MAD(array, median = median(array))
Returns the median absolute deviation of the array, a robust mesure of variablility that stands in for standard deviation.
It uses quickselectFloat(array, (a, b) => abs(a - median) - abs(b - median))
under the hood and reorders the values in array
accordingly.
Statistical tests
We provide the Wilcoxon rank-sum test and the Mann-Whitne U test.
These are bare, limited versions of the corresponding SciPy routines. I've only implemented what I need for bunchmark, if you need more feel free to open an issue, or idealy a PR. Some things are easy to implement (one-tailed tests, optional continuity correction). Exact probability calculations and alternative zero-hanlding procedures for the Wilcoxon test would be a bit more involved.

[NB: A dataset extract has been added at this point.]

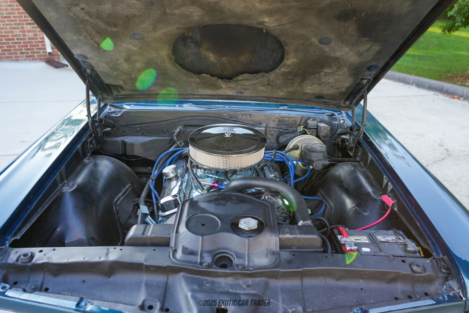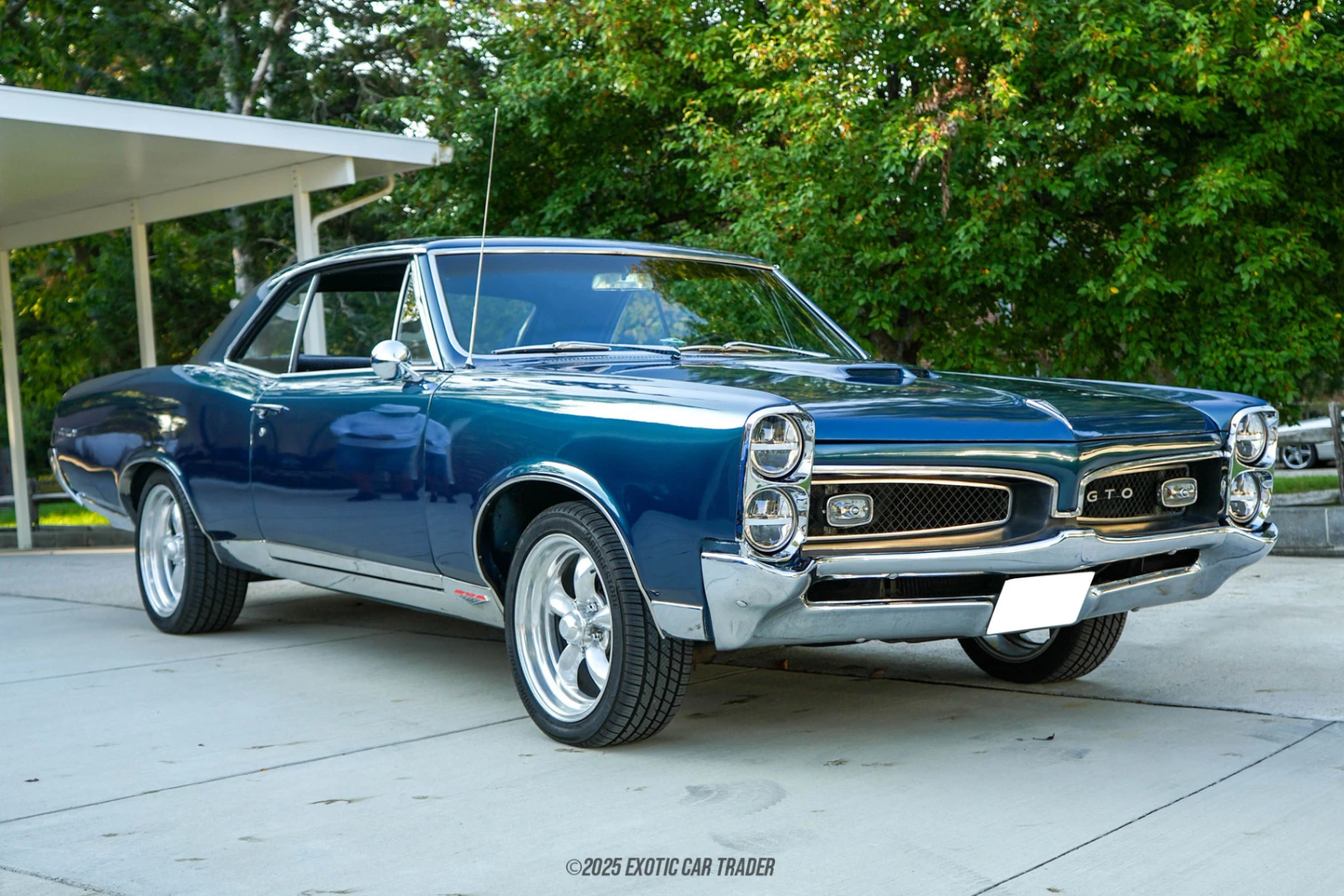 The body has been previously repainted in blue, presenting a striking contrast with chrome accents and aftermarket wheels that give the car a purposeful stance. An aftermarket dual-exit exhaust with Flowmaster mufflers adds to its visual and audible presence, while upgraded disc brakes provide modernized stopping power. Inside, the cabin is equipped with black bucket seats and replacement door panels, ensuring comfort while maintaining a period-correct look. The cockpit design remains driver-oriented, reinforcing the GTO’s muscle car ethos with a no-nonsense, performance-first layout.

mwu(A: number[], B: number[]): {U: number, z: number, p:number}
The Mann-Whitney U test
- two tailed
- asymptotic p-value estimation (can't be used when N<8), with continuity correction (more conservative)
- Assumes that
A
andB
don't contain NaNs
Inspired by the second method found in https://en.wikipedia.org/w/index.php?title=Mann%E2%80%93Whitney_U_test&oldid=1188631305#Calculations and sci-py for the tie correction of the variance computation
wilcoxon(D: number[]): {T: number, z: number, p: number}
A Wilcoxon rank-sum test:
- two tailed
- Pratt signed-rank zero procedure
- asymptotic p-value estimation (can't be used when N < 10), with continuity correction (more conservative)
- Assumes that
D
doesn't contain NaNs
This is based on https://en.wikipedia.org/wiki/Wilcoxon_signed-rank_test#Ties and scipy.stats.wilcoxon
wilcoxon(A: number[], B: number): {T: number, z: number, p: number}
Equivalent to wilcoxon(D)
where D is the pairwise difference between A
and B
.
- Assumes that
A
andB
don't contain NaNs
Probability helpers
Hereunder, "variable" is meant in the statistical sense.
pForZ(z)
Gets the p-value corresponding to a z-value (the probability of finding a value smaller than z by chance in a normally distributied variable).

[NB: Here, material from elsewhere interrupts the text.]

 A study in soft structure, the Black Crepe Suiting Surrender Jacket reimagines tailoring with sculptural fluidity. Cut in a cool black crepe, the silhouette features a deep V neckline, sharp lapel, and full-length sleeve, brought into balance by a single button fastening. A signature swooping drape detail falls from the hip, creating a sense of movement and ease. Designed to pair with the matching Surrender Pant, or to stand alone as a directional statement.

This is based on a z-table built with scipy.stats.sf()
with 0.001
granularity in the z-domain, for z
between 0
and 9.999
. That level of precision is sufficient for our use case.
To get even more precision, we'd have to approximate the integral from -Infinity
to z
for the normal distribution using the sum of trapeze algorithm (there are no closed-form equations to compute these values).
Equivalent to scipy.stats.cdf(round(z, 3))
in SciPy or pnorm(round(z, 3))
in R.
zForP(p)
Find z
such that the probability of finding a value smaller than than it in a normally distributed variable has a probability p
.
Equivalent to scipy.stats.norm.ppf(p)
in SciPy and qnorm(p)
in R.
This is a direct port of the SciPy C++ version.